◆ Work order ◆
Pictures are not repeated. Every line from the beginning of the entries through the one with "本次活动的开展集中展示环境设" is restated exactly.

%%

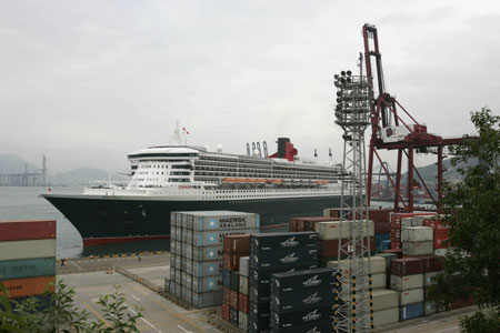 Queen Mary 2 arrives at Kwai Chung Modern Terminals
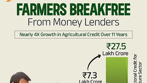 New Delhi: In the last 11 years under the Prime Minister Narendra Modi's government, institutional credit to agriculture has surged from Rs 7.3 lakh crore to Rs 27.5 lakh crore, the Ministry of Finance said on Saturday.
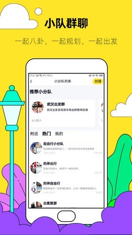自由查看附近和热门群聊小队,了解组队旅游信息,便于选择性加入,旅行更畅快;
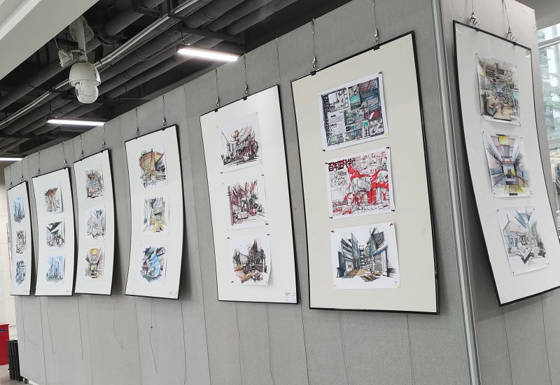 本次活动的开展集中展示环境设计专业课程的教学成果,体现“以展促学、以展促教、以展促赛”的教育教学理念,不少作品是由学生自主选题、设计、制作完成,充分展现了学生们在设计领域的创意与实践能力。在展出的作品中,手绘表现技法作业以精细入微的线条、丰富的色彩运用,呈现出学生们扎实的基本功;展示设计作业则注重创意思维、空间布局、人流导向等方面的设计,使作品呈现出独特的视觉效果;装置艺术作业则通过创意独特的构思、材料运用,表达了学生对现实世界的独特见解。
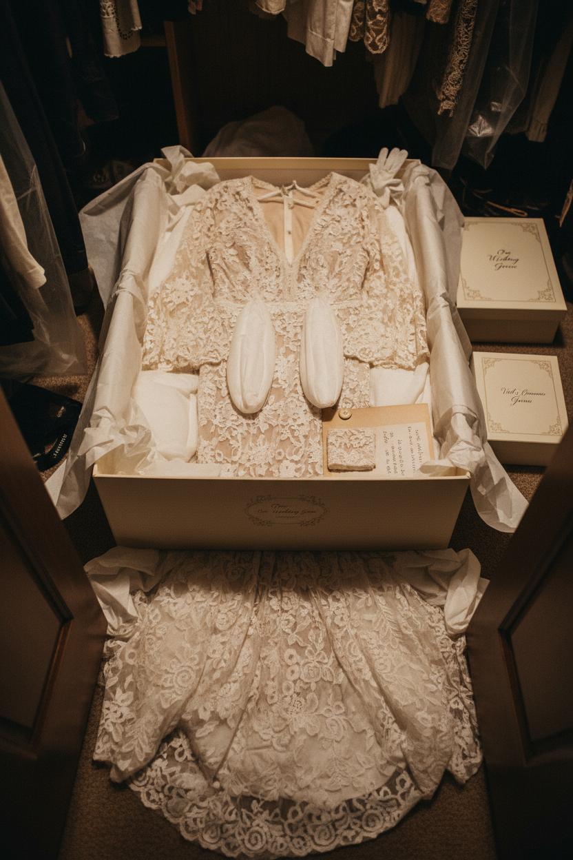 Once cleaned, choose preservation over simple storage. Skip plastic bags and wire hangers; instead, wrap your lace wedding dress in acid-free tissue, padding the bust, hips, and train so the fabric doesn’t crease sharply. An archival box or muslin garment bag in a cool, dry, dark place is best—think under-bed or interior closet, away from attic heat or basement damp. If your silhouette is fitted, support the flare of a mermaid wedding gown with extra tissue; for a boho lace bridal dress, gently stuff sleeves and fluttery hems to keep their drape. Handle it with clean hands or cotton gloves and refold every couple of years to prevent permanent fold lines. Tuck in a note with the designer, wedding date, and care method, plus a swatch if you have one; label the box so future you (or a daughter, niece, or dear friend) can find it easily. Store the veil and accessories separately to avoid snagging. Think of preservation as a love letter to the future—your gown becomes more than fabric and thread, a time capsule of joy that can be reworn, restyled, or simply adored for generations.

%%

◆ Task response ◆
 Queen Mary 2 arrives at Kwai Chung Modern Terminals
 New Delhi: In the last 11 years under the Prime Minister Narendra Modi's government, institutional credit to agriculture has surged from Rs 7.3 lakh crore to Rs 27.5 lakh crore, the Ministry of Finance said on Saturday.
自由查看附近和热门群聊小队,了解组队旅游信息,便于选择性加入,旅行更畅快;
 本次活动的开展集中展示环境设计专业课程的教学成果,体现“以展促学、以展促教、以展促赛”的教育教学理念,不少作品是由学生自主选题、设计、制作完成,充分展现了学生们在设计领域的创意与实践能力。在展出的作品中,手绘表现技法作业以精细入微的线条、丰富的色彩运用,呈现出学生们扎实的基本功;展示设计作业则注重创意思维、空间布局、人流导向等方面的设计,使作品呈现出独特的视觉效果;装置艺术作业则通过创意独特的构思、材料运用,表达了学生对现实世界的独特见解。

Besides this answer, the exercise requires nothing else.